# Researching Bloodlines?



## John Simpson (Jul 17, 2011)

I’m in the very early stages of researching working DS & Mal bloodlines along with getting a better understanding Line-Breeding & Out-crossing etc. In the next couple of years I would like to be able to be in a position to have built up a solid knowledge base to make an informed decision to select a replacement PD for myself (either as a young green dog or puppy to raise and develop). 
How do vendors and trainers who import dogs, or people with a strong interest in their breed of choice keep abreast of what bloodlines, studs, breeding’s etc & kennels overseas are producing well and to keep note of. I know the KNVP have yearly trials and a lot of dogs are sold after these but people also import outside of these times.
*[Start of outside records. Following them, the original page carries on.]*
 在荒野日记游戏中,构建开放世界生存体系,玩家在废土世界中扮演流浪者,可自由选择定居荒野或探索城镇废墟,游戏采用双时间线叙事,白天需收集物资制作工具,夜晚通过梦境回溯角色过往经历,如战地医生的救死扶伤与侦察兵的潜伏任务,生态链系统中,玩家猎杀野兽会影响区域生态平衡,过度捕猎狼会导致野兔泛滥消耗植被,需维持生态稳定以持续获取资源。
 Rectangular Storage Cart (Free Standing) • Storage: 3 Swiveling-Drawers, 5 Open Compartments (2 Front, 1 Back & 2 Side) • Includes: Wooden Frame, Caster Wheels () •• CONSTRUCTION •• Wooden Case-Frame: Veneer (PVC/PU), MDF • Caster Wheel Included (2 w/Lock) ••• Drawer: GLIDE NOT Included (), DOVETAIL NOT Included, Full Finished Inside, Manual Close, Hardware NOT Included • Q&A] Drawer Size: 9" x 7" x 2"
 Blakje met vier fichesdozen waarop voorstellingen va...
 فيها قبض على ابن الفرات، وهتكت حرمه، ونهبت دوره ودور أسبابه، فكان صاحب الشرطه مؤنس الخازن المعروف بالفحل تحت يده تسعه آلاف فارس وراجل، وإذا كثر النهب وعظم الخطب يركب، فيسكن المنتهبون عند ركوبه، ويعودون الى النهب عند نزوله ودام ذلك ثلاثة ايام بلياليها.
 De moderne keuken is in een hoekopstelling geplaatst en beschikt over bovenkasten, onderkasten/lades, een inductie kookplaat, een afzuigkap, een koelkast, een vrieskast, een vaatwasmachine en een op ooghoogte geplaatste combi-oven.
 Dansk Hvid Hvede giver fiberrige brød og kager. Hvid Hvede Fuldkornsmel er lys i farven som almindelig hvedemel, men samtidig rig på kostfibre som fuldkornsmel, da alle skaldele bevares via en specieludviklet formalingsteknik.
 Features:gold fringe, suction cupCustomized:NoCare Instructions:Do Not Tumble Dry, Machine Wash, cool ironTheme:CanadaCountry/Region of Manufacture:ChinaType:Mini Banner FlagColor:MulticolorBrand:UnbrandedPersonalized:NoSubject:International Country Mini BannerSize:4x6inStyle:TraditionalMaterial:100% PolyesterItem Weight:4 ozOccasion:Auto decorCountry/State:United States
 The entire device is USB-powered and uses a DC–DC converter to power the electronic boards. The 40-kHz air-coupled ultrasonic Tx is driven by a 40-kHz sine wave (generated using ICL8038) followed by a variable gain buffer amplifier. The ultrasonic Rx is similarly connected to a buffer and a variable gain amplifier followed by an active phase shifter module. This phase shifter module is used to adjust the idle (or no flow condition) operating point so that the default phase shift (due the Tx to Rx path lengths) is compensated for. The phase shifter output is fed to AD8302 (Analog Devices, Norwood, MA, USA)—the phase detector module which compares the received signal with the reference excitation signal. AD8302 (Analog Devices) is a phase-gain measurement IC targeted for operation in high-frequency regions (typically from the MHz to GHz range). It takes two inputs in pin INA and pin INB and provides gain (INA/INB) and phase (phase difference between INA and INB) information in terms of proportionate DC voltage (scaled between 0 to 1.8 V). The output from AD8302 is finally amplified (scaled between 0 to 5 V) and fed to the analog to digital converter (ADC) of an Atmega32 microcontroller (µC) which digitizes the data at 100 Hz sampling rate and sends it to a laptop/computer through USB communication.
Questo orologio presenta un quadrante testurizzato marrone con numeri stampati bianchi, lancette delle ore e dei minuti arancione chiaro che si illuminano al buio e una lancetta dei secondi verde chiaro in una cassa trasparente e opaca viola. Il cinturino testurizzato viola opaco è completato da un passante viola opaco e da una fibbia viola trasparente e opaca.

Having spent hours on Bloedlijnen.nl researching I see numerous listings for studs and upcoming litters etc but looking in from the outside without local knowledge for me it is a little confusing.


----------



## Ang Cangiano (Mar 2, 2007)

Vendors and trainers don't normally look at pedigrees, they look at the dog in front of them. If you're looking for a working dog, that would be your best bet as well, go to a vendor that has a reputation for the type of dog you're looking for, regardless of lineage, and test the dog in front of you. If you decide on a puppy find a breeder with a reputation for producing the type of dog you're looking for, petty much regardless of lineage, and trust them to provide you with a pup that will be suitable. You're not looking for a breeding dog, don't seem to have a preference for a certain lineage, so test the dog and not the pedigree.

Ang


----------



## Michael Murphy (Nov 27, 2010)

look for a breeder that aims to produce what you want
and also repeat matings are preferred over initial pairings, so you got an idea of what your going to get from observing the previous litter.


----------



## John Simpson (Jul 17, 2011)

Thanks for the replies.


----------